» **TASK TO CARRY OUT**: Copy each line of the listing below exactly and drop the images.

» **EXERCISE INPUTS**:

====

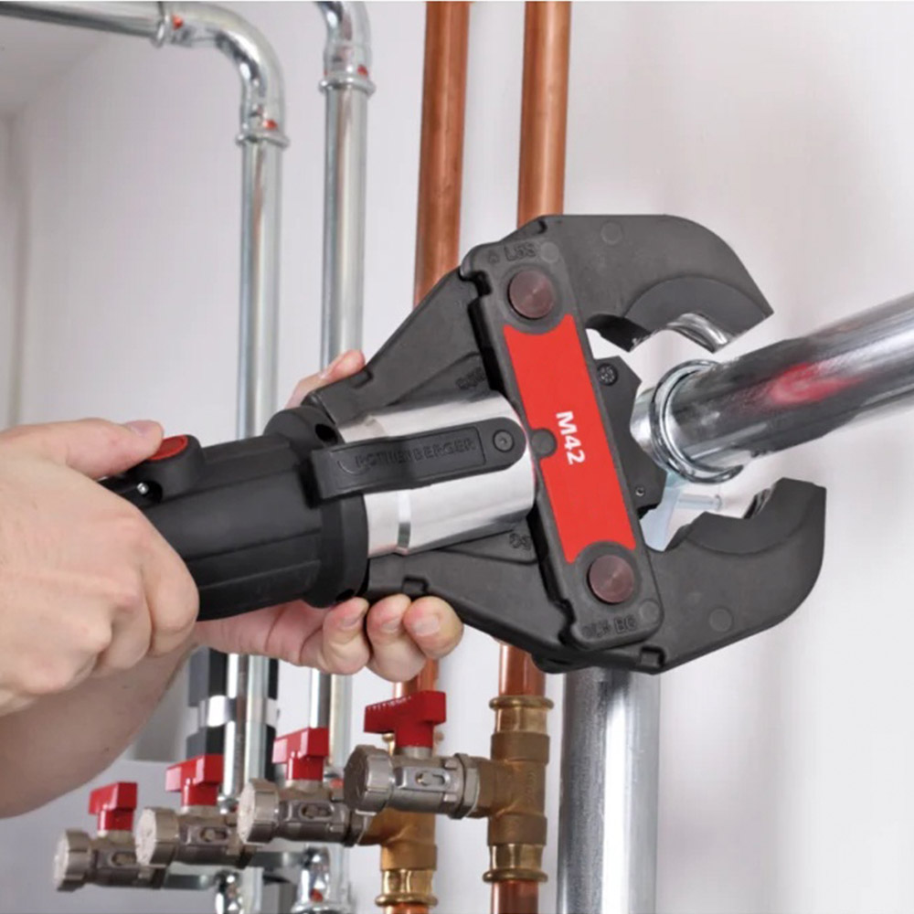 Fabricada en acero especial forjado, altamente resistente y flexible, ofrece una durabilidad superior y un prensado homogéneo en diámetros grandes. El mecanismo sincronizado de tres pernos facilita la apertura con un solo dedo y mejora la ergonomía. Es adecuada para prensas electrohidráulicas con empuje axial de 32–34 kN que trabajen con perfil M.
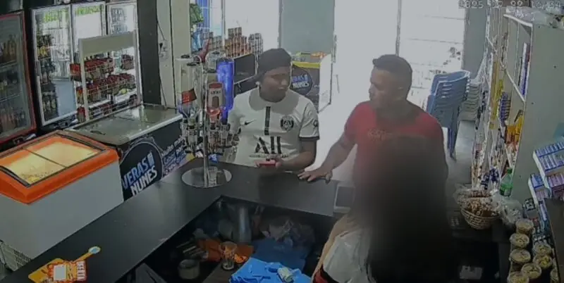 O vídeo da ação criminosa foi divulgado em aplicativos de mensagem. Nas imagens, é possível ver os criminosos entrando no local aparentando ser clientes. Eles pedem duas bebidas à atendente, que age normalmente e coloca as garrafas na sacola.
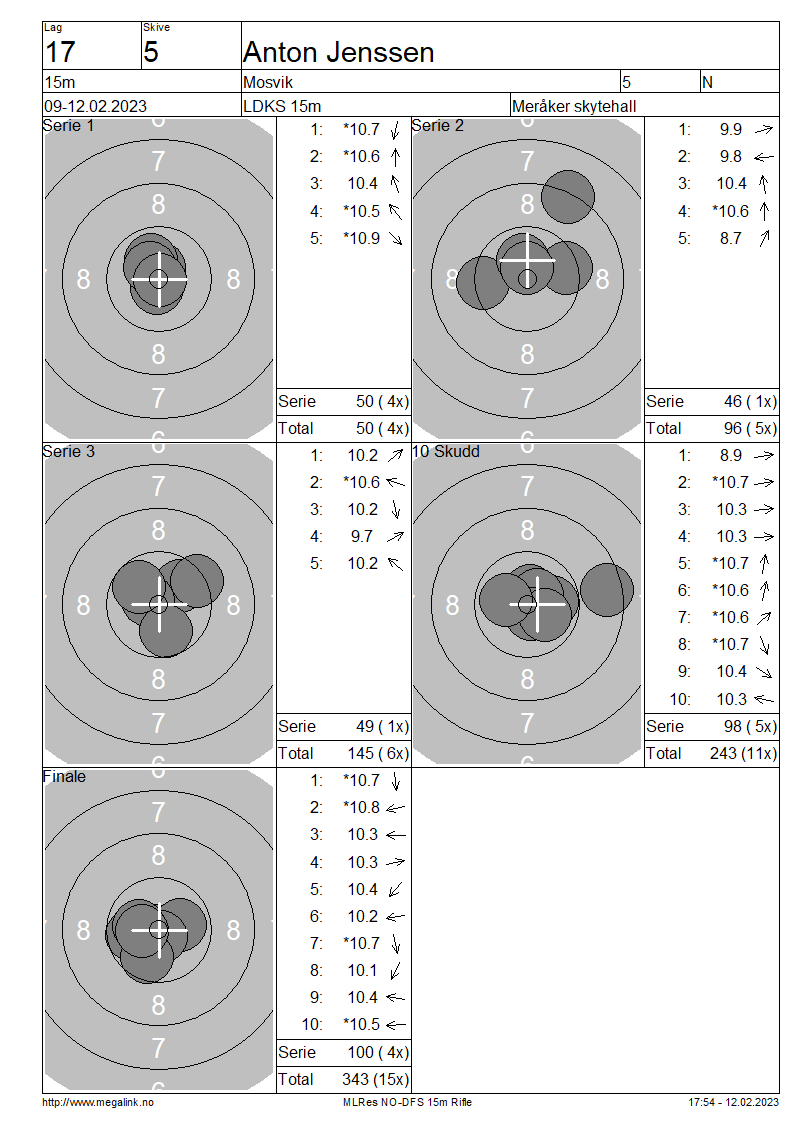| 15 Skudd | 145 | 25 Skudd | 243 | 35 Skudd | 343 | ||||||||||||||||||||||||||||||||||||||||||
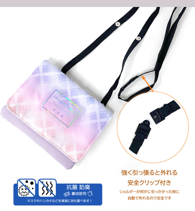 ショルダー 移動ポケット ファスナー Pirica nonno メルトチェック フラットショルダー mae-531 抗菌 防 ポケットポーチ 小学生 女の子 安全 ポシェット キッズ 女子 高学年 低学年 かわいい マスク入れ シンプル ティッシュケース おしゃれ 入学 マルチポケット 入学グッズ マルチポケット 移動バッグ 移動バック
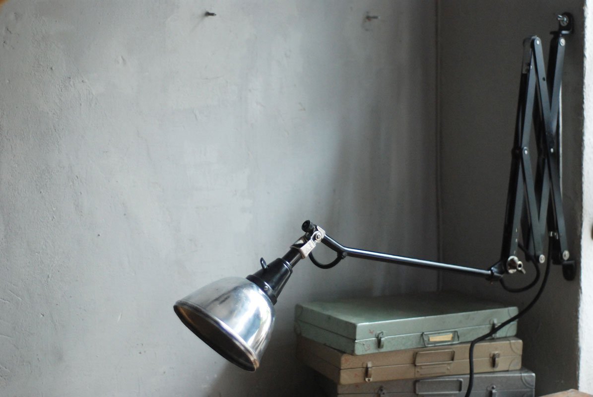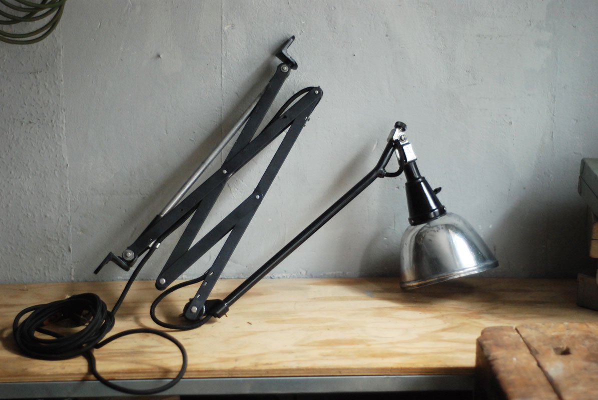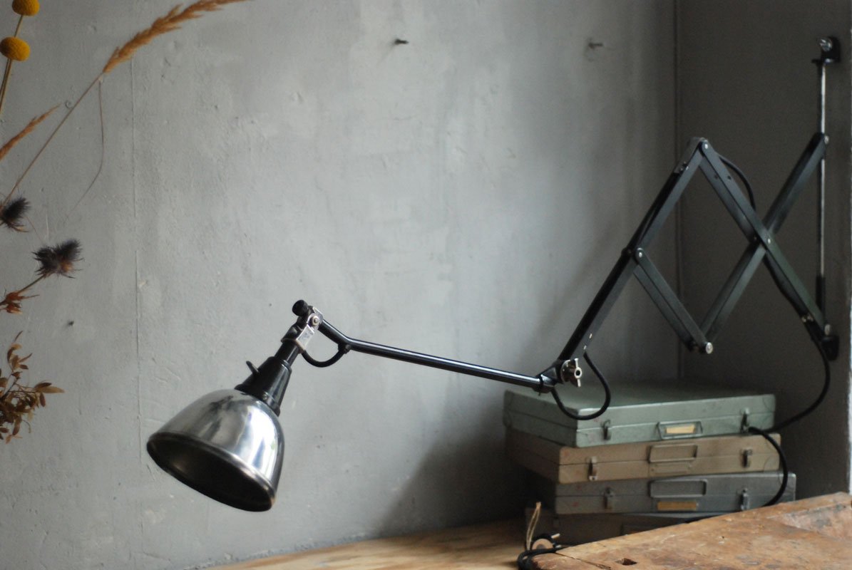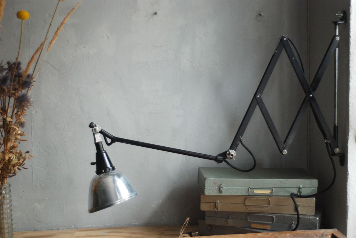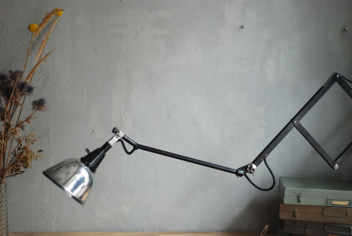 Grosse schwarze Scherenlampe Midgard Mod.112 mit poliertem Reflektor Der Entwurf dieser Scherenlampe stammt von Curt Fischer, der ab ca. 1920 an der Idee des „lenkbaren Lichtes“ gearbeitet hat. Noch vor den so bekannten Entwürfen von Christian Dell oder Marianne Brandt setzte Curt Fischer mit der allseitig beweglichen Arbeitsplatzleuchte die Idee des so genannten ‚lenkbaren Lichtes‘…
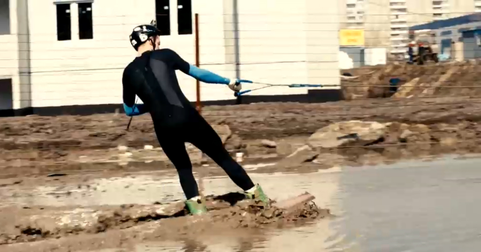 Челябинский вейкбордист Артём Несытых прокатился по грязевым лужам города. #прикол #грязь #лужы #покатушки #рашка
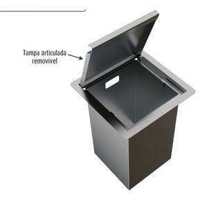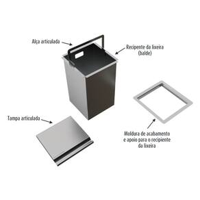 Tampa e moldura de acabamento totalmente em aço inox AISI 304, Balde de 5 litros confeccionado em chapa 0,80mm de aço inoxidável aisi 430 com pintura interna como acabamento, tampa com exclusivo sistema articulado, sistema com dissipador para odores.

====

» **OUTPUT OF THE EXERCISE**:
 Fabricada en acero especial forjado, altamente resistente y flexible, ofrece una durabilidad superior y un prensado homogéneo en diámetros grandes. El mecanismo sincronizado de tres pernos facilita la apertura con un solo dedo y mejora la ergonomía. Es adecuada para prensas electrohidráulicas con empuje axial de 32–34 kN que trabajen con perfil M.
 O vídeo da ação criminosa foi divulgado em aplicativos de mensagem. Nas imagens, é possível ver os criminosos entrando no local aparentando ser clientes. Eles pedem duas bebidas à atendente, que age normalmente e coloca as garrafas na sacola.
| 15 Skudd | 145 | 25 Skudd | 243 | 35 Skudd | 343 | ||||||||||||||||||||||||||||||||||||||||||
 ショルダー 移動ポケット ファスナー Pirica nonno メルトチェック フラットショルダー mae-531 抗菌 防 ポケットポーチ 小学生 女の子 安全 ポシェット キッズ 女子 高学年 低学年 かわいい マスク入れ シンプル ティッシュケース おしゃれ 入学 マルチポケット 入学グッズ マルチポケット 移動バッグ 移動バック
 Grosse schwarze Scherenlampe Midgard Mod.112 mit poliertem Reflektor Der Entwurf dieser Scherenlampe stammt von Curt Fischer, der ab ca. 1920 an der Idee des „lenkbaren Lichtes“ gearbeitet hat. Noch vor den so bekannten Entwürfen von Christian Dell oder Marianne Brandt setzte Curt Fischer mit der allseitig beweglichen Arbeitsplatzleuchte die Idee des so genannten ‚lenkbaren Lichtes‘…
 Челябинский вейкбордист Артём Несытых прокатился по грязевым лужам города. #прикол #грязь #лужы #покатушки #рашка
 Tampa e moldura de acabamento totalmente em aço inox AISI 304, Balde de 5 litros confeccionado em chapa 0,80mm de aço inoxidável aisi 430 com pintura interna como acabamento, tampa com exclusivo sistema articulado, sistema com dissipador para odores.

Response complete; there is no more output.